• **THE PROBLEM**: Return all the lines below exactly as written. Drop every picture.

• **SUPPLIED INFORMATION**:
--- START ---

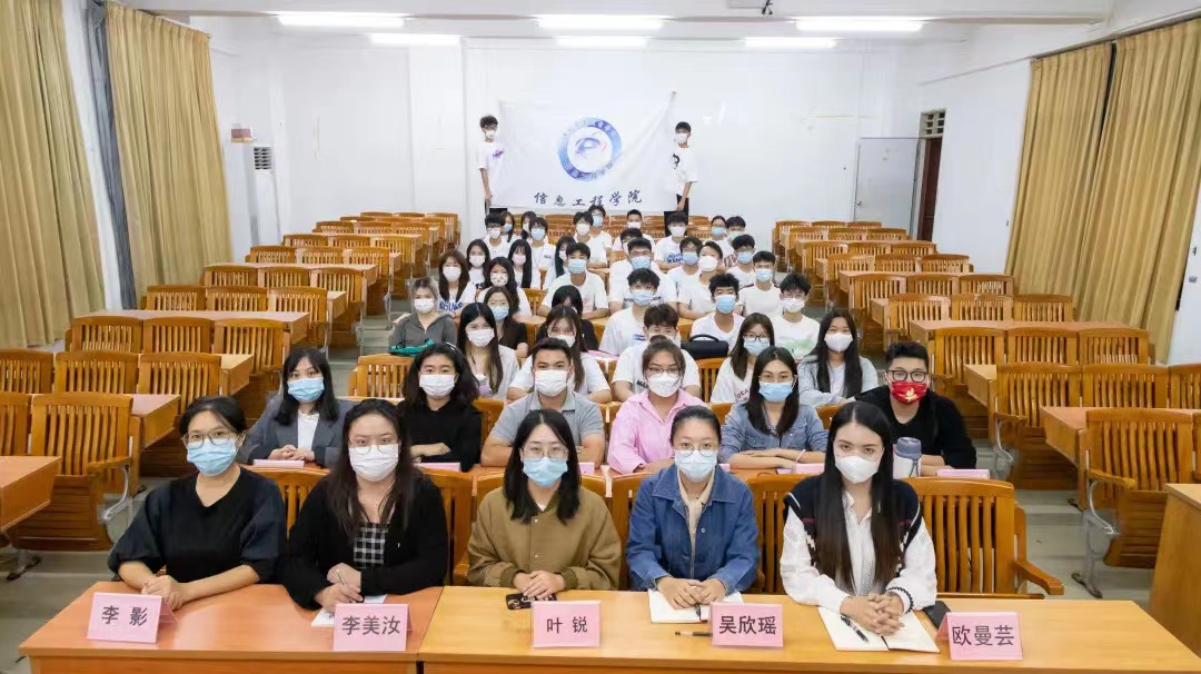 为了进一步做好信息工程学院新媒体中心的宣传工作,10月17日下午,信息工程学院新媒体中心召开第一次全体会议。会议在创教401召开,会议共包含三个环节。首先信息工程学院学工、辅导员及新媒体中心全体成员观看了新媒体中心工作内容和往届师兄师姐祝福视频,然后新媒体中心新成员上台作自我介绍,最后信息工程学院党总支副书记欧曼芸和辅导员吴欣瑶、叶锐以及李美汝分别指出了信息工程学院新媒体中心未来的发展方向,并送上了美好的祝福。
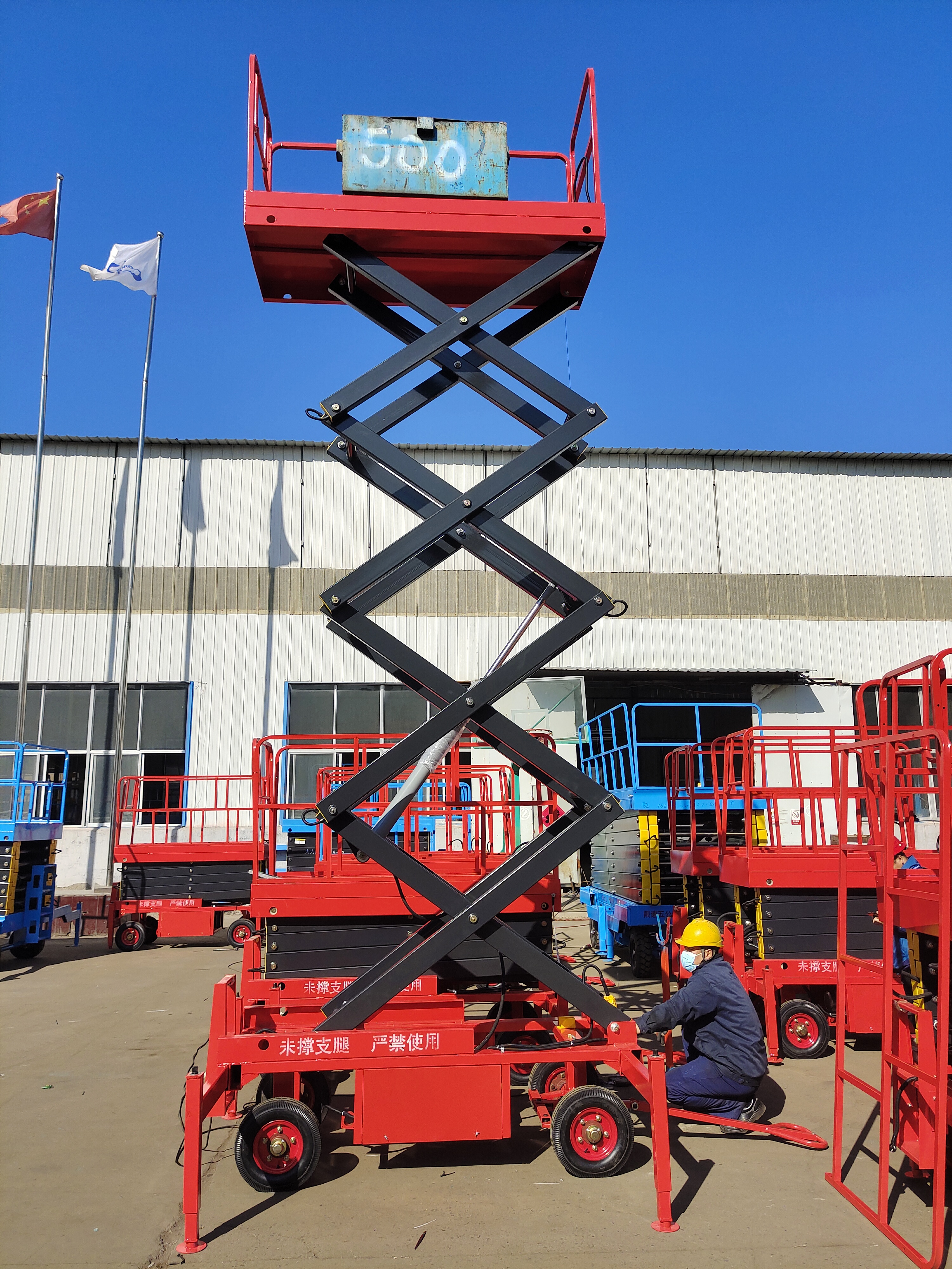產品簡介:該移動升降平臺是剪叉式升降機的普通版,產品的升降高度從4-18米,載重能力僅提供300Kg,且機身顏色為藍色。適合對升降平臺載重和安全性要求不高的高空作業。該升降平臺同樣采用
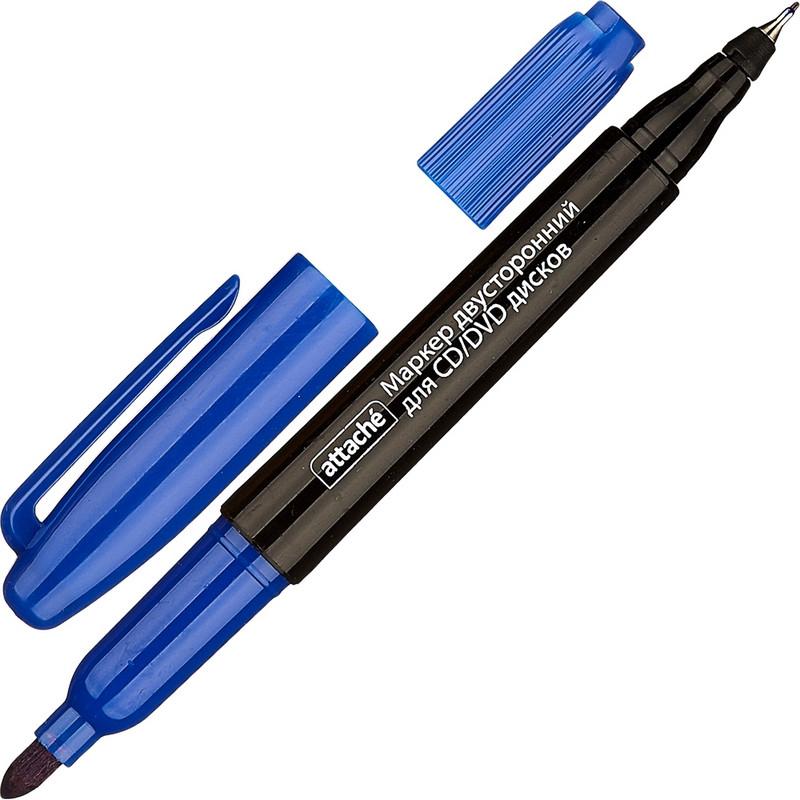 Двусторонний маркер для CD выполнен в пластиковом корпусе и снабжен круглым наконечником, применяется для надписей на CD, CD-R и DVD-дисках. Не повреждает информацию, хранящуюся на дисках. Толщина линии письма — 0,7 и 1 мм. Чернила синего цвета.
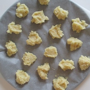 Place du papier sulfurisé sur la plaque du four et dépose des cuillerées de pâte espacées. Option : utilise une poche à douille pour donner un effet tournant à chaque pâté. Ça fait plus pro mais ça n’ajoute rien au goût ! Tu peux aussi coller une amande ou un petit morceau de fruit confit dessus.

--- END ---

• **YOUR SOLUTION**:
 为了进一步做好信息工程学院新媒体中心的宣传工作,10月17日下午,信息工程学院新媒体中心召开第一次全体会议。会议在创教401召开,会议共包含三个环节。首先信息工程学院学工、辅导员及新媒体中心全体成员观看了新媒体中心工作内容和往届师兄师姐祝福视频,然后新媒体中心新成员上台作自我介绍,最后信息工程学院党总支副书记欧曼芸和辅导员吴欣瑶、叶锐以及李美汝分别指出了信息工程学院新媒体中心未来的发展方向,并送上了美好的祝福。
產品簡介:該移動升降平臺是剪叉式升降機的普通版,產品的升降高度從4-18米,載重能力僅提供300Kg,且機身顏色為藍色。適合對升降平臺載重和安全性要求不高的高空作業。該升降平臺同樣采用
 Двусторонний маркер для CD выполнен в пластиковом корпусе и снабжен круглым наконечником, применяется для надписей на CD, CD-R и DVD-дисках. Не повреждает информацию, хранящуюся на дисках. Толщина линии письма — 0,7 и 1 мм. Чернила синего цвета.
 Place du papier sulfurisé sur la plaque du four et dépose des cuillerées de pâte espacées. Option : utilise une poche à douille pour donner un effet tournant à chaque pâté. Ça fait plus pro mais ça n’ajoute rien au goût ! Tu peux aussi coller une amande ou un petit morceau de fruit confit dessus.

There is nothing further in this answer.